Fakir Syed Aijazuddin is a Pakistani historian, academic and business executive. From November 2007 to April 2008, he served as Punjab's interim Minister for Culture, Tourism and Environment.

==Early life==
Aijazuddin was born in 1942. He received his education from the Aitchison College in Lahore and Berkhamsted School in England, and qualified as a chartered accountant in 1965.

==Career==
During the 1970s, Aijazuddin worked in various public sector projects across Pakistan, including as a director at the National Fertilizer Corporation. From 1980 to 1989, he worked at the Abu Dhabi National Oil Company in an executive role. In 1989, he returned to Pakistan and served as CEO of International General Insurance and the First International Investment Bank. Aijazuddin was also a board member of the Lahore Stock Exchange, Oil & Gas Development Company, PTCL, National Transmission & Despatch Company and Bata Pakistan.

Aijazuddin has taught accounting and management at the Lahore University of Management Sciences and Forman Christian College University. From 2006 to 2008, he was a faculty member at the National School of Public Policy where he taught international relations. From 2008 and 2012, he served as the principal of Aitchison College.

Additionally, he has also been the chairman of the Lahore Museum and a fellow of the National College of Arts.

===Political career===
Between November 2007 and April 2008, Aijazuddin was a member of the interim Punjab cabinet.
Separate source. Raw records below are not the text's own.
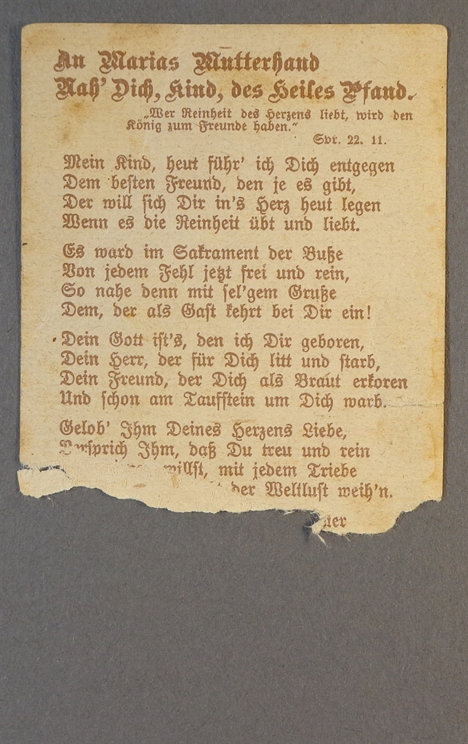 Sveta sličica; An Marias Mutterhand Nach dich, kind, des heiles Pfand
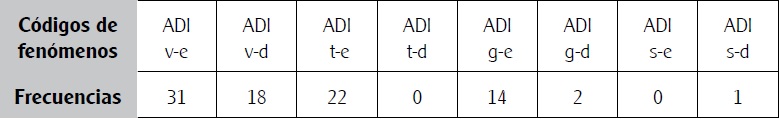 De esta manera puede aparecer un código de fenómeno como ADI v-e que hace referencia al fenómeno de aproximación doble intuitiva en el sistema de representación verbal y en el formato ejemplo.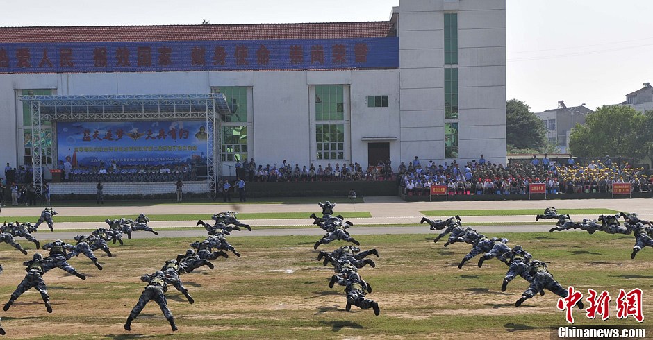 17日,在中国第13个国防教育日之际,“蓝天逐梦、天兵有约”中国空军部队军营首次社会开放。武汉市1200余人走进军营,近距离接触空降兵主战武器装备,体验官兵日常训练生活。图为部队训练。袁文涛徐金波/文 林奎/图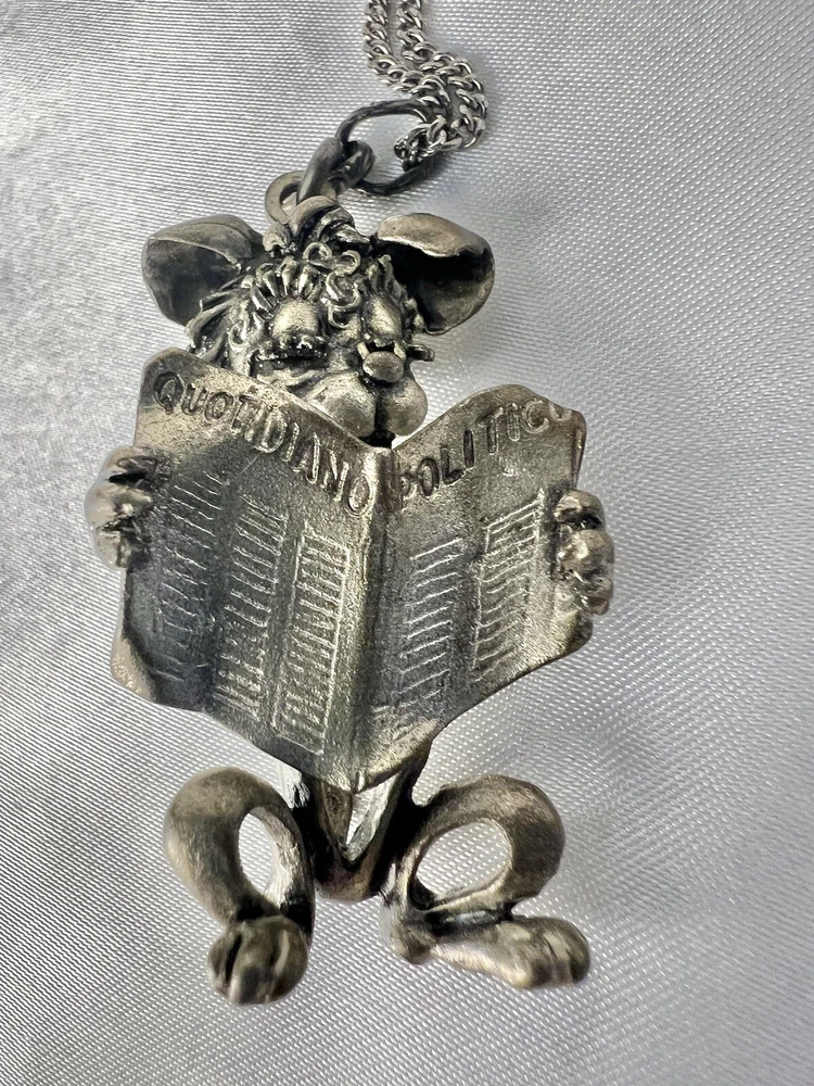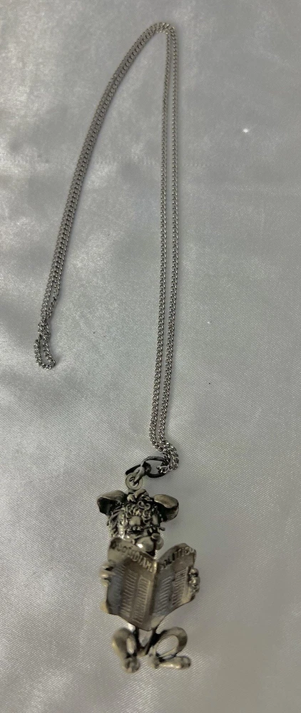 This vintage necklace features an adorable pewter poodle reading a newspaper. The pendant hangs from a delicate chain and is a perfect accessory for any dog lover. The piece has a distinctive style and can be worn on any occasion. The brand of the necklace is unbranded and it falls under the category of jewelry and watches. The necklace is pre-owned but remains in excellent condition. It is a unique and eye-catching piece that will undoubtedly attract attention. The pendant is perfect for those who appreciate vintage and antique jewelry, and it will make an excellent addition to any collection. A42

He served as Punjab's Minister for Culture, Tourism and Environment.

Since 1994, he has been the UK government's honorary consul in Lahore, for which he received an Order of the British Empire in 1997. He retired from the post in June 2022.

==Family==
He is married to Shahnaz (herself a writer of note). They have three children - Momina, Mubarika, and Komail - and also two grandchildren Raeya and Ramiz.

==Bibliography==
Pahari Paintings & Sikh Portraits in the Lahore Museum (1977).

Sikh Portraits by European Artists (1979).

Aitchison College - The First Hundred Years 1886 - 1986 (1986).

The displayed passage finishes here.